What do you think has been the most interesting or promising advance in open data in the last few years in the UK?

There are countries that are doing aspects of open data better than the UK, such as Canada which does open data very well at the government level. It engages with the private sector very well and a lot of that has to start with an open government push and a core open data focus within the national data strategy.

In the UK there are a lot of examples of bigger open data initiatives that the ODI is involved in. One example is OpenActive which is an initiative that looks at creating more visibility of physical activity opportunities in the UK. It does this by convening physical activity providers to provide data about their classes, booking costs and other requirements to attend these such as a gym membership or free access. This kind of information can be very difficult to find on websites of specific companies and this initiative makes all of that data as open as possible by giving access to that data to start-ups, SMEs and other organisations who want to do creative things with it and create apps.

Go Sweat is a good example of one of the startups that are out there creating apps that help you find activities. The service pairs corporate organisations with physical activity providers to give employees discounts and new fitness opportunities.

What excites you the most about the concept of open data?

Probably the open innovation aspect. The idea of making data available for anyone to access, use and share, means that people can create something useful for the world. Citymapper is a prime example of this, as it was able to be created from the mass of open data provided by Transport for London.
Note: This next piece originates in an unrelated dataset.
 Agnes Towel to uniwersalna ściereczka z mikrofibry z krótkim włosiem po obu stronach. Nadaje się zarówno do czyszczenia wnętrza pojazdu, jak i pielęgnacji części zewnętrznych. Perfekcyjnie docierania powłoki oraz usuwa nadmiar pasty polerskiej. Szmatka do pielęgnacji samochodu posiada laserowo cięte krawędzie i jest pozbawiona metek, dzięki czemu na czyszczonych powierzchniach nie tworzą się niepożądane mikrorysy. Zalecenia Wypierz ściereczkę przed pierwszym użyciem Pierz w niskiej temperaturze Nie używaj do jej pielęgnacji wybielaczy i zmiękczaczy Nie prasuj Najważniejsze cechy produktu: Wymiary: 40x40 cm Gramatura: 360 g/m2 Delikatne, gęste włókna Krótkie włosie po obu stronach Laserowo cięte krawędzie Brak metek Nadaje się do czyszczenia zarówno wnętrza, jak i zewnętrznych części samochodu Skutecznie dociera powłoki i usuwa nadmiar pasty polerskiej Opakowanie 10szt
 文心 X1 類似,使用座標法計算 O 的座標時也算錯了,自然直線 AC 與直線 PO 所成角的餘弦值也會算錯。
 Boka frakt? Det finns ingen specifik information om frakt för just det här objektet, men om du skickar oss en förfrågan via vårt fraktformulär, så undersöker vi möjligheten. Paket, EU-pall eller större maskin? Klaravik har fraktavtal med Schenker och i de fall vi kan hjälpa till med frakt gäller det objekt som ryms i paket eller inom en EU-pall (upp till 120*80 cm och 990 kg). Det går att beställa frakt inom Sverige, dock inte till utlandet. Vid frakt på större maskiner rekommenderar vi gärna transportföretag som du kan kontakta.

Not only is it a great tool, but it has spread to other countries as well and showcases how something can be created from the publishing of open datasets.
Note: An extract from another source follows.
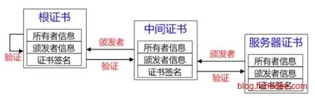 服务器返回给客户端的信息中包含自己的证书,这个证书上有自己的网站的域名,以及IP信息,以及该证书的颁发者信息。 浏览器获取到该证书后就会到操作系统中寻找颁发者的证书,如果颁发者的证书存在,而且颁发者证明了证书有效,那么该证书就有效的。如果颁发证书不存在,或者颁发证书无法证明证书有效,那么该证书就是无效的。
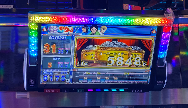 万枚OVERといった派手な結果こそ残せていないが、店内各所でじっくりと遊技された形跡が見て取れる。『スマスロ ゴッドイーター リザレクション』で+9,000枚OVER、『スマスロ頭文字D 2nd』で+8,000枚OVERをマークするほか、多数の大台突破台を確認できる。スマスロを筆頭に盛り上がりを形成しており、各所でファンが笑顔を浮かべる光景が広がっていたようだ。

The idea that people are able to create something from what you might not see as useful, or might not have the time, capacity or skills to do yourself, is the real value of open data.

“The idea of making data available for anyone to access, use and share, means that people can create something useful for the world.“

If you could pick one thing that you would be looking for the British Tech community to achieve over the next 1-2 years, what would you ask for?

The aspect that the tech community would be looking for is more commonality, more definition around data standards and more adoption of existing data standards so that data becomes more usable across different contexts. It’s something we hear all the time across multiple sectors, private and public.

COVID-19 is a great example of where, if there were existing data standards and terminology, we could have created more useful outcomes from data being collected by tools, such as symptom trackers, much more efficiently. A common data infrastructure, being more connected around data in general, and publishing open data in a way that can be useful for as many people as possible, would allow us to communicate much more effectively and allow the same event, such as a pandemic, to be addressed in a collaborative way by the global population.